The ongoing instability in the country has been blamed for the boom of people-trafficking crossing from Libya to the Mediterranean and the subsequent increase in migrant deaths on these boats.

Ms Truss said: "To bring this into an election campaign I think is outrageous and disgraceful.

"Actually accusing the Prime Minister of causing these deaths - whether directly or indirectly - I think is wrong."

"Of course we should be talking about foreign affairs but it has to be done in a proper manner", she added.

Lib Dems: Unstable government would be a 'disaster’

A minority government led by Labour or the Tories would spell economic disaster and could cost the average homeowner £800 a year, the Liberal Democrats have claimed .

In a speech, Chief Secretary to the Treasury Danny Alexander will say "An unstable government, unable to take serious decisions, pulled sharply to left or right, with Alex Salmond or Nigel Farage, would cost us all dear. It would jam the brakes on the economic recovery."

Danny Alexander warns an unstable minority government 'would cost us all dear'.

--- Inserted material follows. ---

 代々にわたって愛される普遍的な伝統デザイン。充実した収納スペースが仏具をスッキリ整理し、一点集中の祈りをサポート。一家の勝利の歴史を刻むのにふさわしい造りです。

"As the market commentary makes clear, such an outcome would lead to higher costs of government borrowing, mortgage costs rising by at least an estimated £800 a year, and a weaker pound.

"That would be an economic disaster for Britain, and an insult to the massive effort and the many sacrifices made by millions of people and businesses who are powering our recovery.

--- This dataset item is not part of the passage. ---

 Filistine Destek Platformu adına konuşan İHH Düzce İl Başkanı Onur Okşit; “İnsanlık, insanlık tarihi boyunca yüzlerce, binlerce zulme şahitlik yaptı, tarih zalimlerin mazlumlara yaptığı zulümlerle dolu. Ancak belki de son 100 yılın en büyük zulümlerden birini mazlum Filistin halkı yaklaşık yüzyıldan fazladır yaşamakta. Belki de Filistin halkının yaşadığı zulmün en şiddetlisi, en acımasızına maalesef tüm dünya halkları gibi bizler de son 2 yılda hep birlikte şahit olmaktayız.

We are the only party that can keep Britain in the centre ground, the markets happy and the recovery going."


Labour blast Tories over Jeremy Hunt's NHS admission

Andy Burnham said the Tories 'do not have a clue' where funding for the NHS is coming from. Credit: PA

Labour have blasted Jeremy Hunt after he admitted voters did not believe the Tories over the NHS.

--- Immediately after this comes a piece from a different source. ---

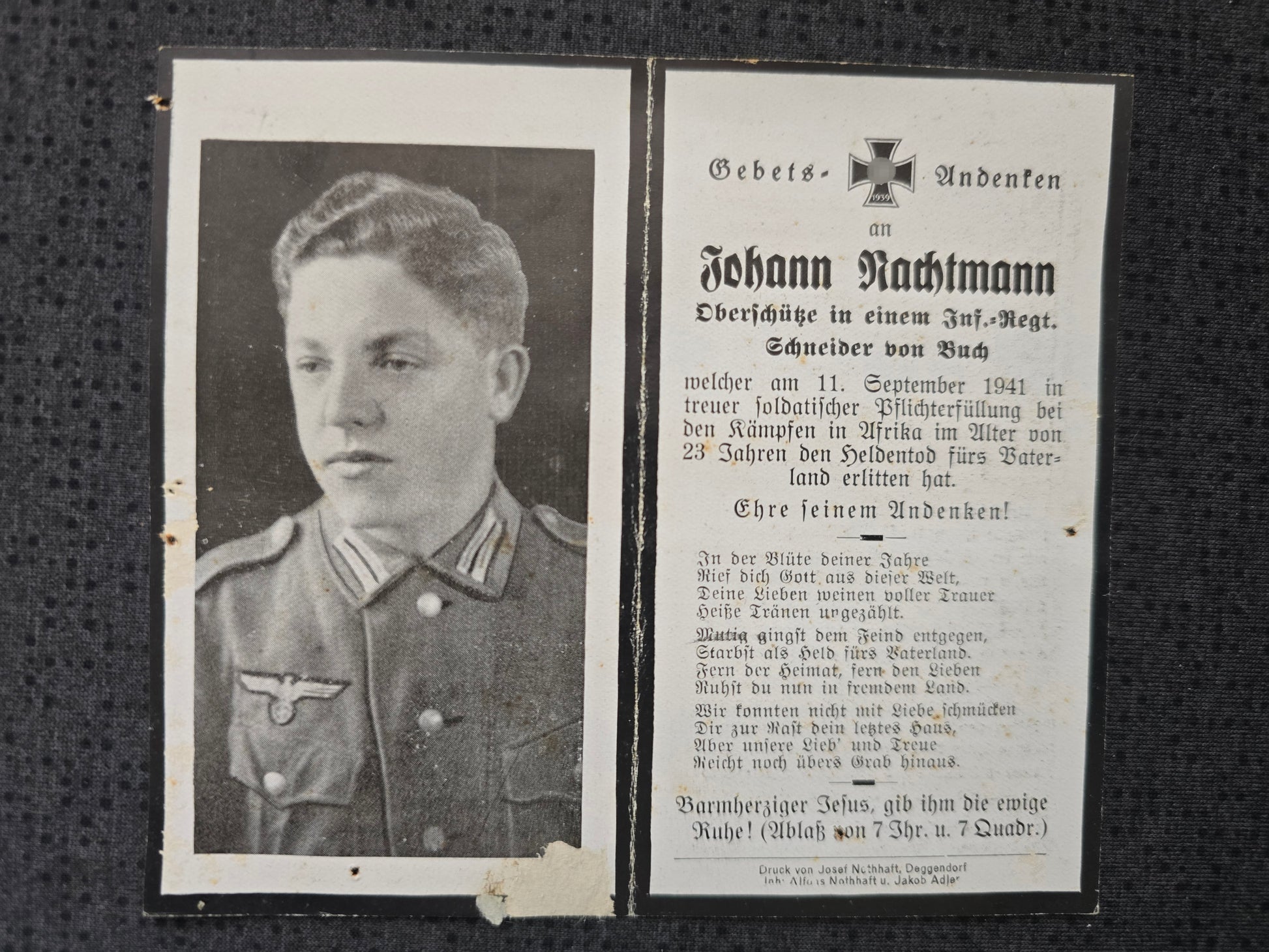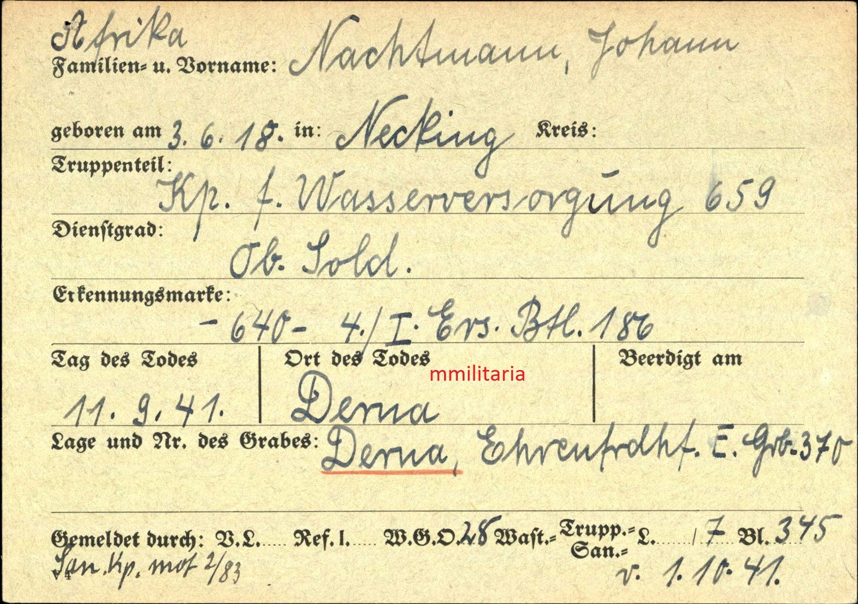 Sterbebild Oberschütze Deggendorf Komp. für Wasserversorgung 659 Derna Tobruk Libyen Afrika

Shadow Health Minister Andy Burnham said: "Jeremy Hunt has finally conceded what everyone knows to be true, you can't trust a word the Tories say on the NHS.

"The reason why they have a credibility problem is because they have a track record of failing to keep NHS promises.

"Last time out, they promised 'no top-down reorganisation' - but then brought forward the biggest in the history of the NHS.

"People won't believe David Cameron on the NHS at this election because they know he hasn't got a clue where the money is coming from. They know you can't fund the NHS on an IOU.

"While Labour has a better, fully funded plan to invest in the NHS, the Tories have a plan for extreme cuts which will see them cut the NHS."


Labour dip below 30% in poll for first time in campaign

Labour dropped below 30% in an opinion poll Credit: PA Wire

Labour has fallen below 30% in an opinion poll for the first time in the General Election campaign.

The poll for the Daily Mirror put Ed Miliband's party on 29% - down four points in comparison to a similar poll last week.

Meanwhile the Lib Dems jumped three points to 10% while the Tories dropped a point to 33%.

Ukip added one point to reach 18% - just one point short of their best rating of the election campaign, while the SNP remained unchanged on 4% and Greens gained one point to put them at 4%.

Meanwhile a survey for ITV's Good Morning Britain found just 16% of 1,500 voters polled said they knew who they would be voting for on May 7 while one in five, 21%, said said they were still "completely undecided".

Mandelson: Miliband has exceeded my expectations

Lord Mandelson said Ed Miliband has "way exceeded my expectations" and hailed the Labour leader's election campaign.

The former strategy chief and cabinet minister - who last month declined to positively endorse the party leader - said Miliband had confounded his critics and found the national "Zeitgeist".

Lord Mandelson has previously appeared unenthusiastic about Ed Miliband. Credit: PA

"I started feeling at the end of last week that something had shifted," Mandelson told Channel 4 News.

"That the plates had moved and Labour has captured a Zeitgeist in this campaign and the most striking feature of it is what's happened to the two leaders.

"Miliband has moved forwards. He gained credibility. He's exceeded most people's expectations. I suppose in a sense mine as well. David Cameron on the other hand has moved backwards."

Asked in March whether the party would do better under another leader, the peer had stopped well short of an enthusiastic endorsement of Miliband.